He had not needed the directions Derrick Wilson had given Robin, because he knew the Phoenix Café on Coldharbour Lane of old. Occasionally Shumba and his mother had taken them there: a tiny, brown-painted, shed-like place where you could (if not a vegetarian, like Shumba and his mother) eat large and delicious cooked breakfasts, with eggs and bacon piled high, and mugs of tea the color of teak. It was almost exactly as he remembered: cozy, snug and dingy, its mirrored walls reflecting tables of mock-wood Formica, stained floor tiles of dark red and white, and a tapioca-colored ceiling covered in molded wallpaper. The squat middle-aged waitress had short straightened hair and dangling orange plastic earrings; she moved aside to let Strike past the counter.

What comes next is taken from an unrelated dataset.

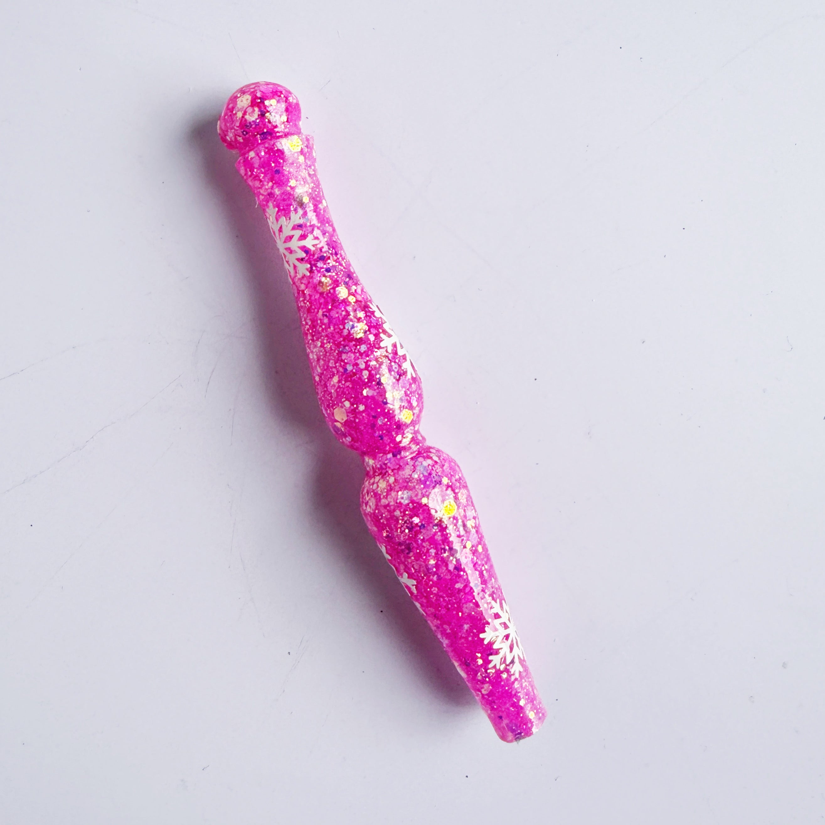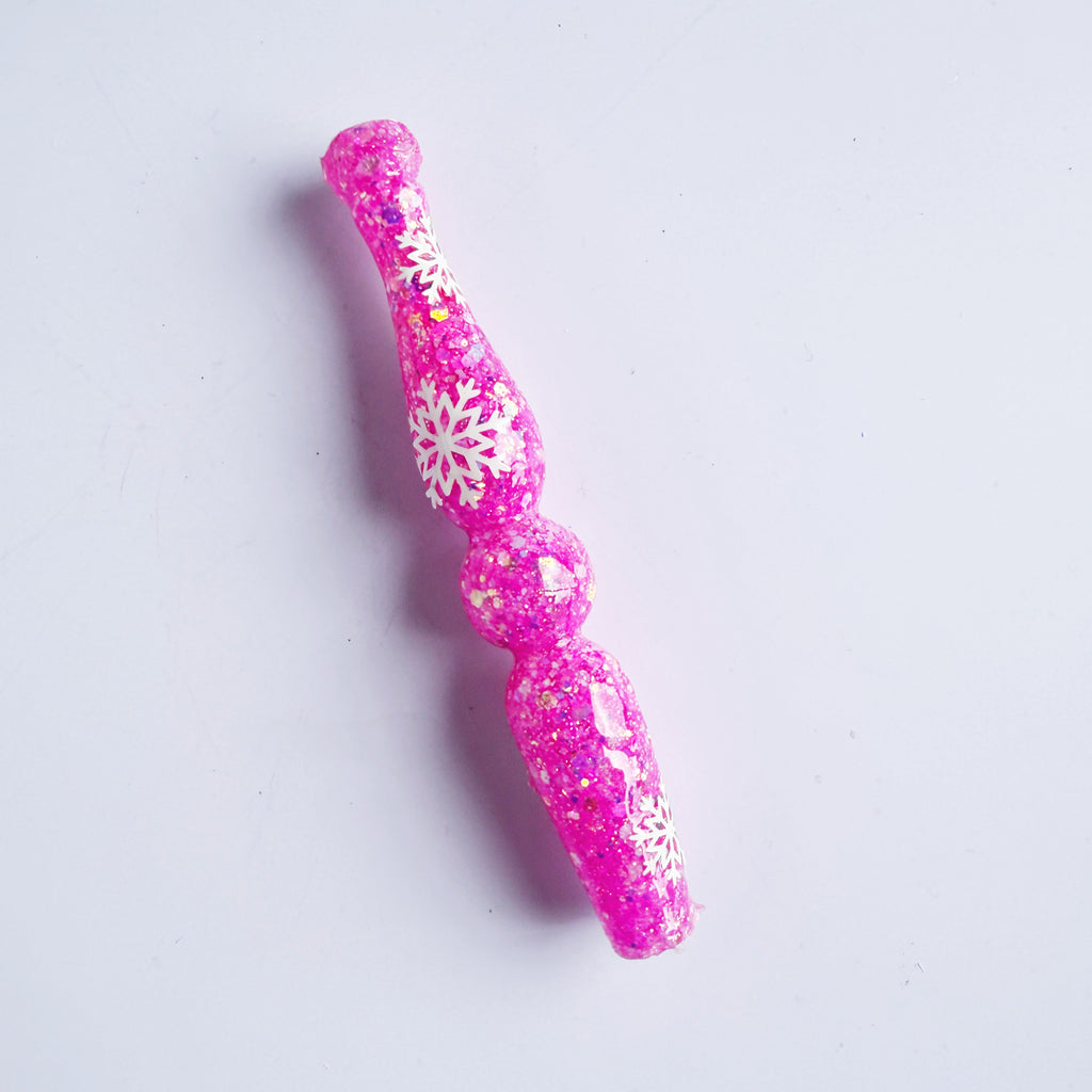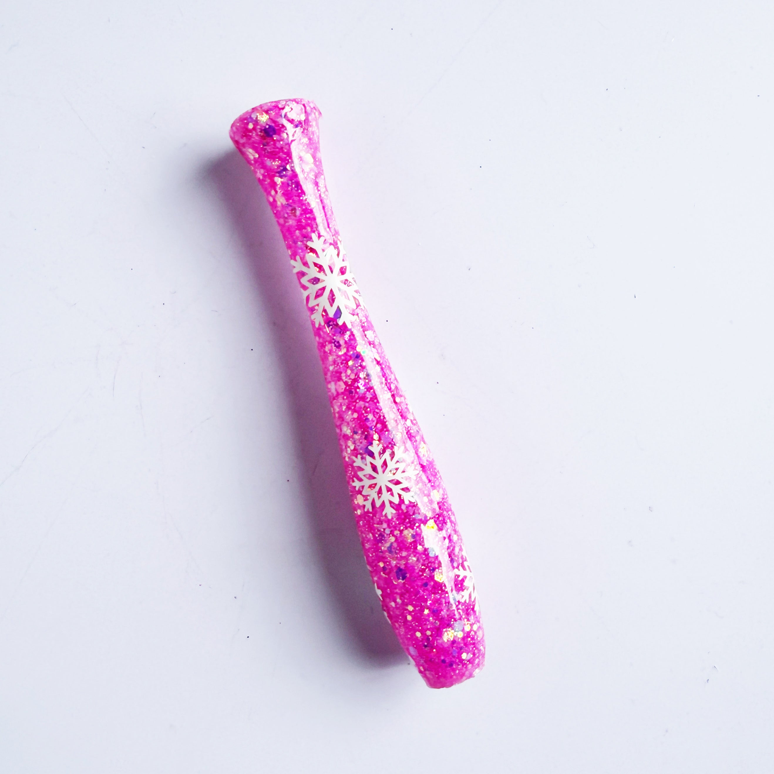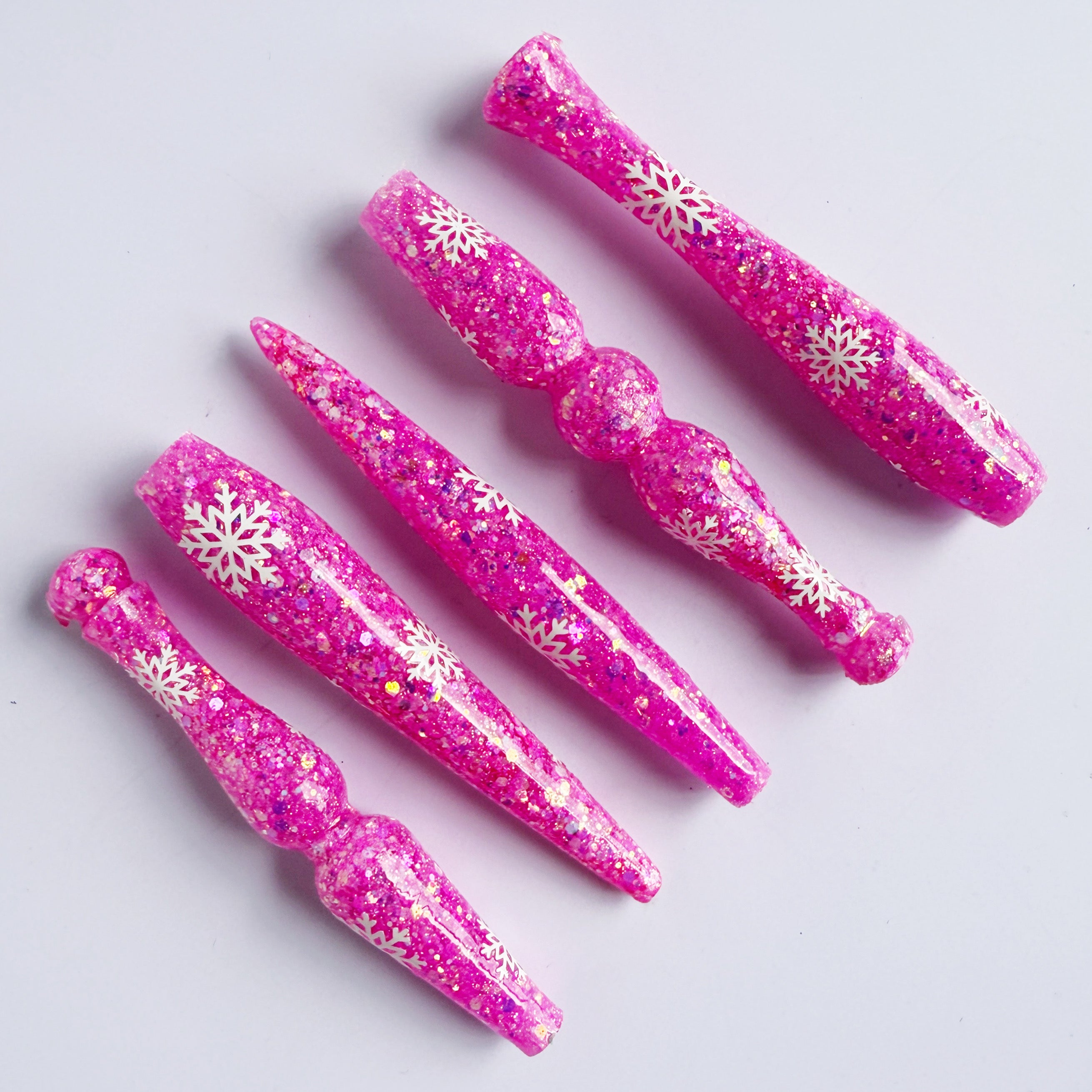 'Holiday Hottie' Is a stunning hot pink glitter base with white snoeflake decals.
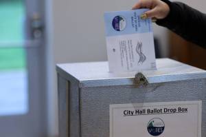 A ballot is placed in a drop box during the City and Borough of Juneau 2022 municipal election. (Ben Hohenstatt / Juneau Empire File)

A heavily built West Indian man was sitting alone at one table, reading a copy of the Sun, under a plastic clock that bore the legend Pukka Pies.
“Derrick?”
“Yeah…you Strike?”
Strike shook Wilson’s big, dry hand, and sat down. He estimated Wilson to be almost as tall as himself when standing. Muscle as well as fat swelled the sleeves of the security guard’s sweatshirt; his hair was close-cropped and he was clean-shaven, with fine almond-shaped eyes. Strike ordered pie and mash off the scrawled menu board on the back wall, pleased to reflect that he could charge the £4.75 to expenses.

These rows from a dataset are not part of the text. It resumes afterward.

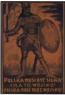The Polish Armed Forces (Polish: Polska Siła Zbrojna, German: Polnische Wehrmacht) was a military formation created during World War I.[1] It was created from the more Polish dominated, Polish Auxiliary Crops (also called Polish Legions), headed by Pilsudski.[2] It was the armed forces of a puppet Kingdom of Poland envisioned by the Prussian Mitteleuropa Plan. The results of the recruiting campaign were dismal.[3] The Polish Armed Forces was nevertheless established, as part of the German Army and under complete German command. The commander-in-chief of the Polish Armed Forces became general-governor Hans Hartwig von Beseler, while the de facto commander was General der Infanterie Felix von Barth, head of the training branch.[4]
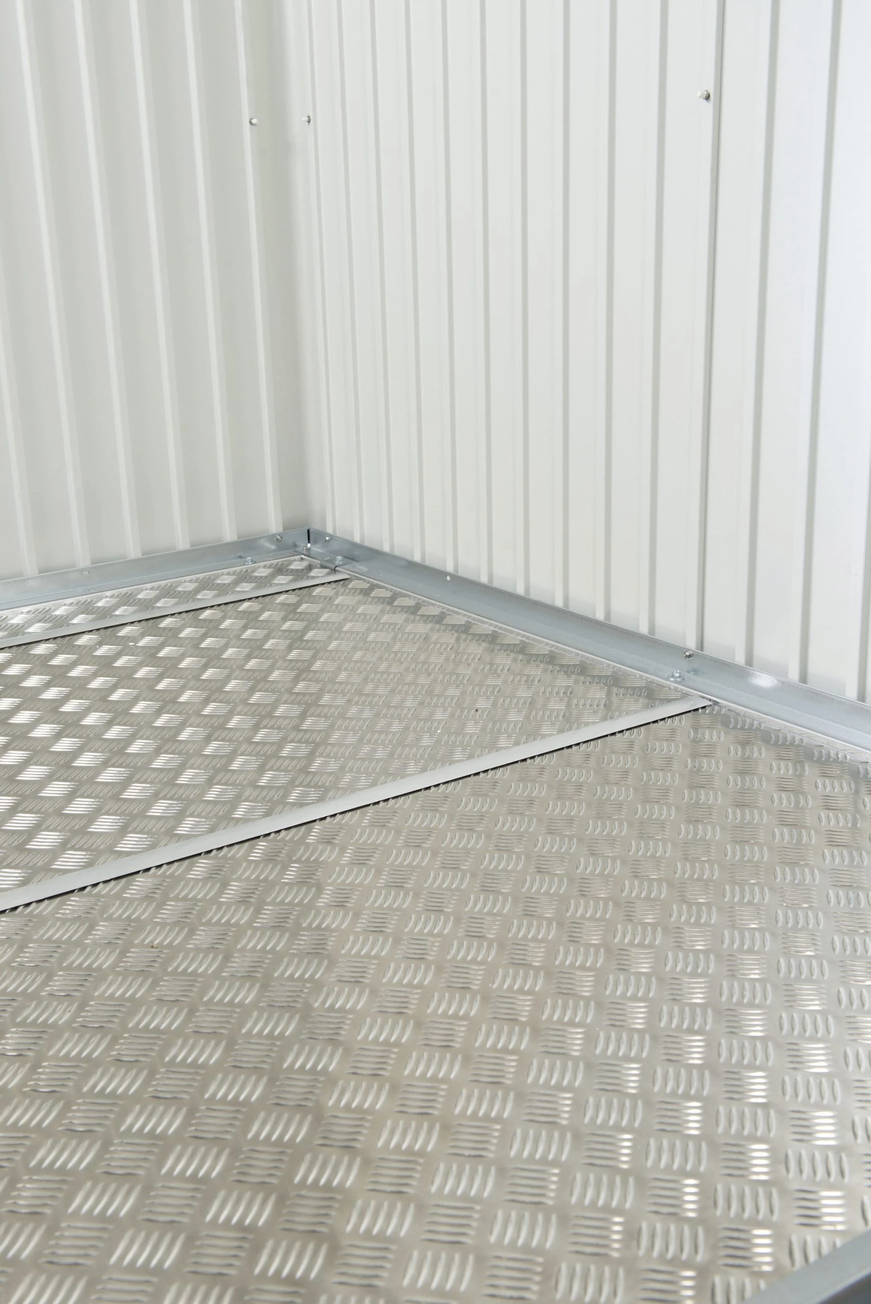 Hochwertiger Alu-Riffelblechboden, elegant und funktionell. Der Boden besteht je nach Hausgröße aus 3 bis 5 Segmenten inklusive Verbindungsschienen. Zur optimalen Verlegung der Alu-Bodenplatten ist der Alu-Bodenrahmen erforderlich.
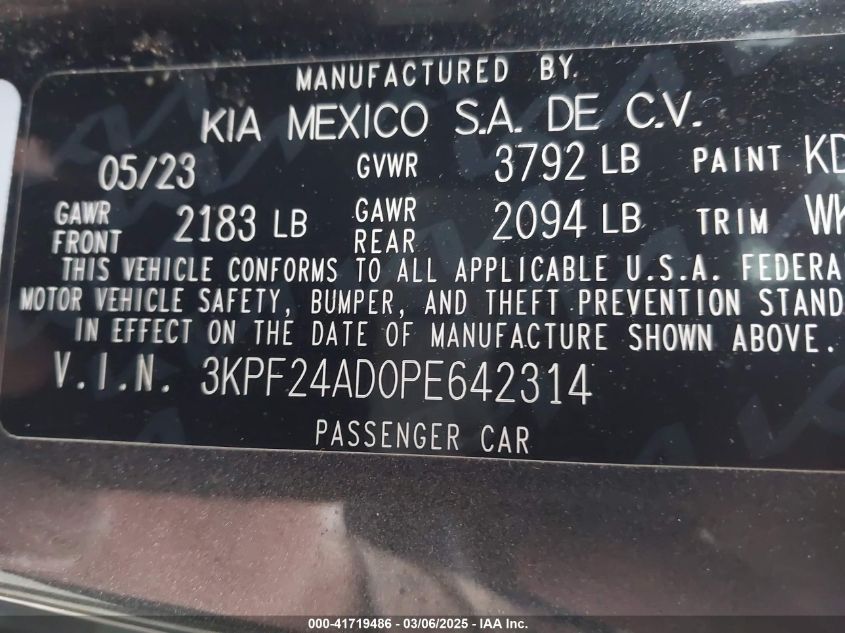 2023 KIA FORTE 2023 Gasoline, 2.0, Front wheel drive, VIN - 3KPF24AD0PE****** from the USA
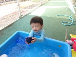プールに入る事が出来る子ども達は、途中で着替えを行い、プール遊びを楽しみました。
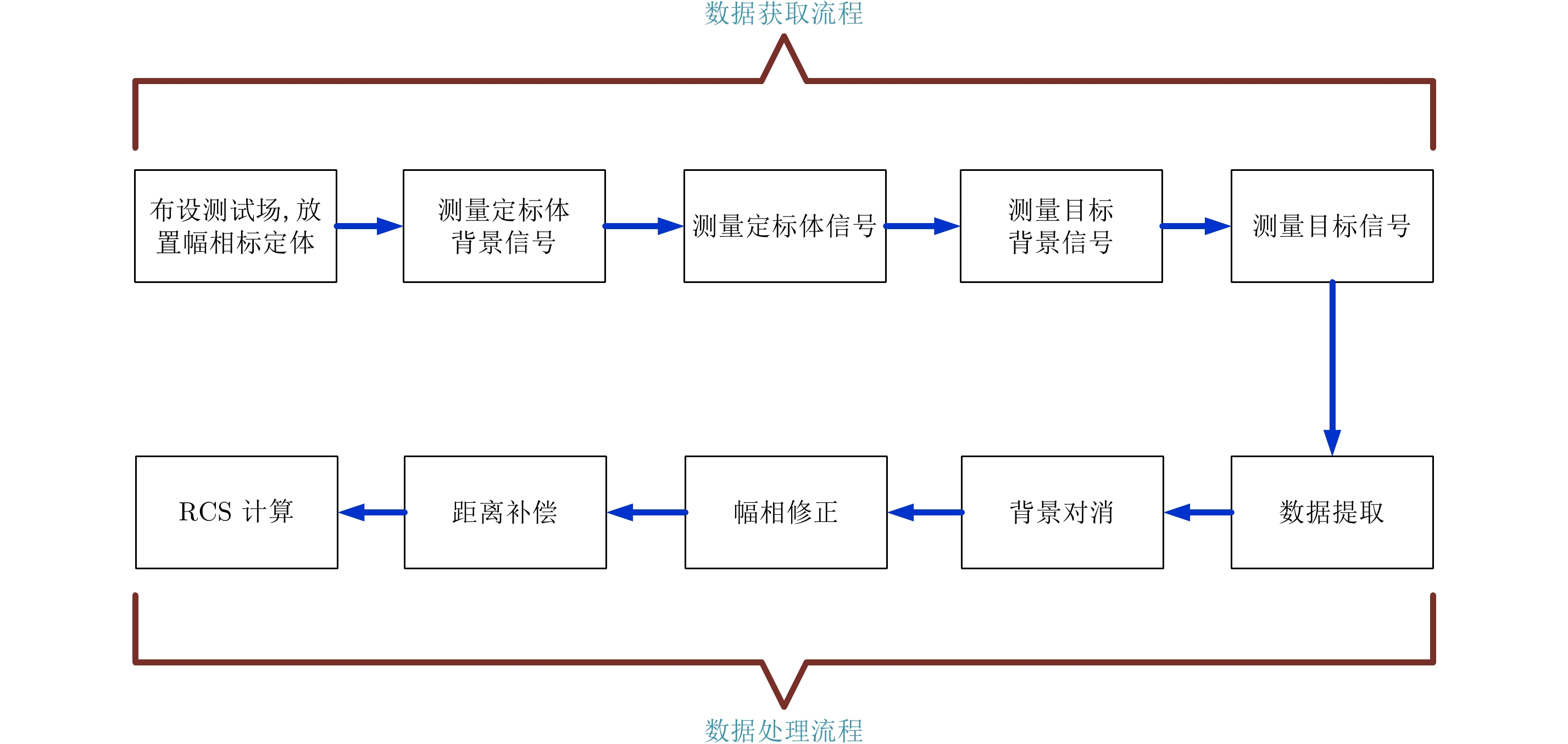 实际测量流程分为数据获取和数据处理两部分,在数据获取流程中,共获取包括幅相修正信号数据在内的,目标背景数据、目标数据、定标背景数据、定标数据共4组数据。将这4组数据带入数据处理流程,通过数据提取获得测试区原始数据,再通过背景对消、距离补偿、幅相修正等测量技术降低散射测量误差,最终计算获得目标RCS。

“Yeah, the pie ’n’ mash is good here,” said Wilson.
A faint Caribbean lilt lifted his London accent. His voice was deep, calm and measured. Strike thought that he would be a reassuring presence in a security guard’s uniform.
“Thanks for meeting me, I appreciate it. John Bristow’s not happy with the results of the inquest on his sister. He’s hired me to take another look at the evidence.”

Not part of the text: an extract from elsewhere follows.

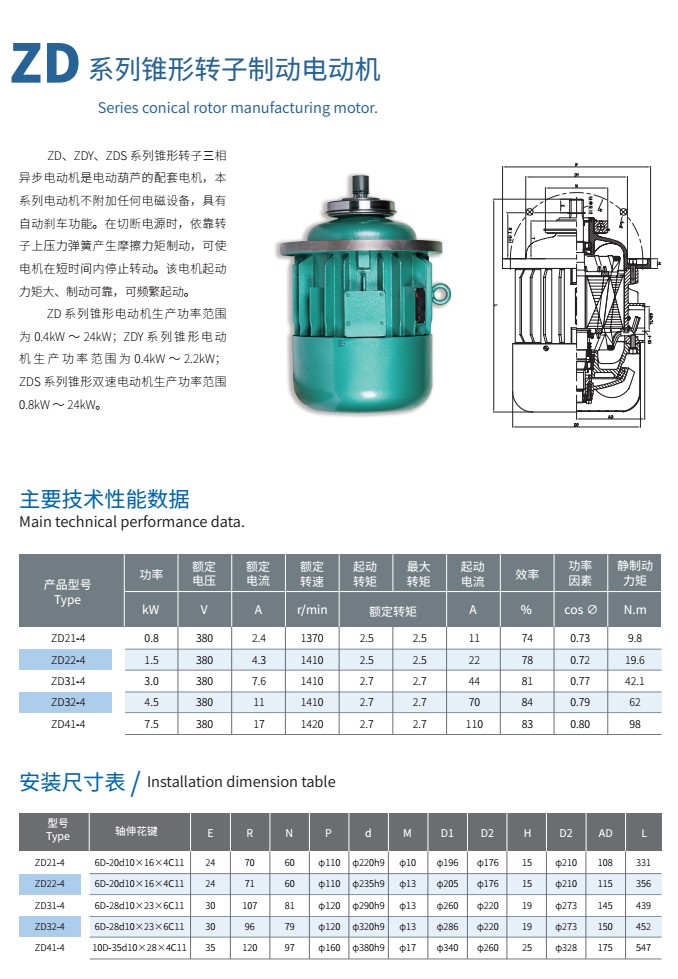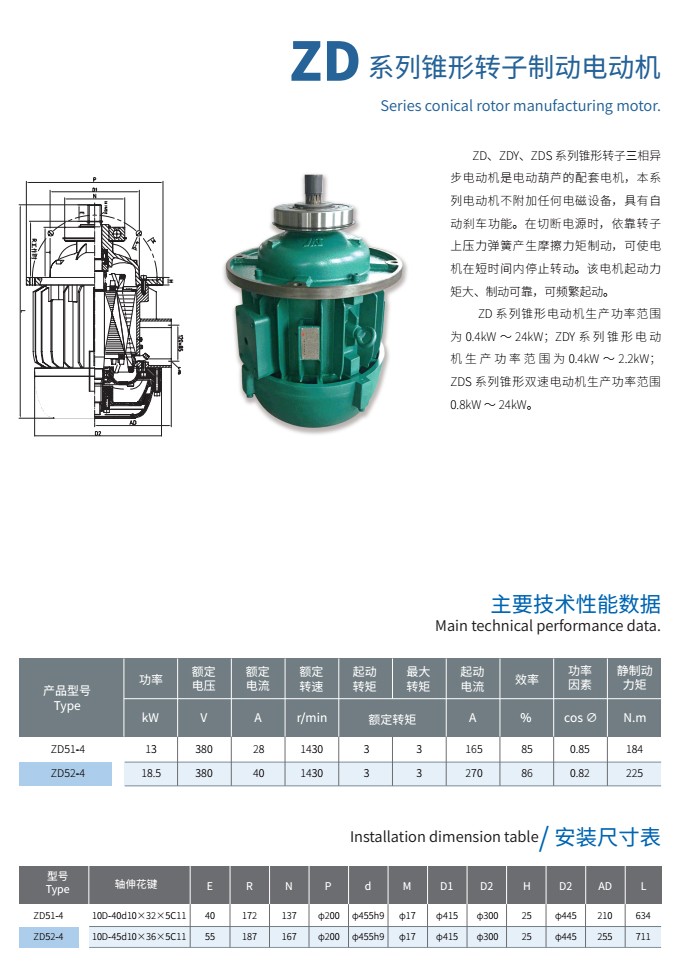 ZD系列錐形轉子制動電動機

“Yeah,” said Wilson, “I know.”
“How much did he give you to talk to me?” Strike asked casually.
Wilson blinked, then gave a slightly guilty, deep-throated chuckle.
“Pony,” he said. “But if it makes the man feel better, yuh know? It won’t change nuthin’. She killed huhself. But ask your questions. I don’t mind.”
He closed the Sun. The front page bore a picture of Gordon Brown looking baggy-eyed and exhausted.
“You’ll have gone over everything with the police,” said Strike, opening his notebook and setting it down beside his plate, “but it would be good to hear, first hand, what happened that night.”
“Yeah, no problem. An’ Kieran Kolovas-Jones might be comin’,” Wilson added.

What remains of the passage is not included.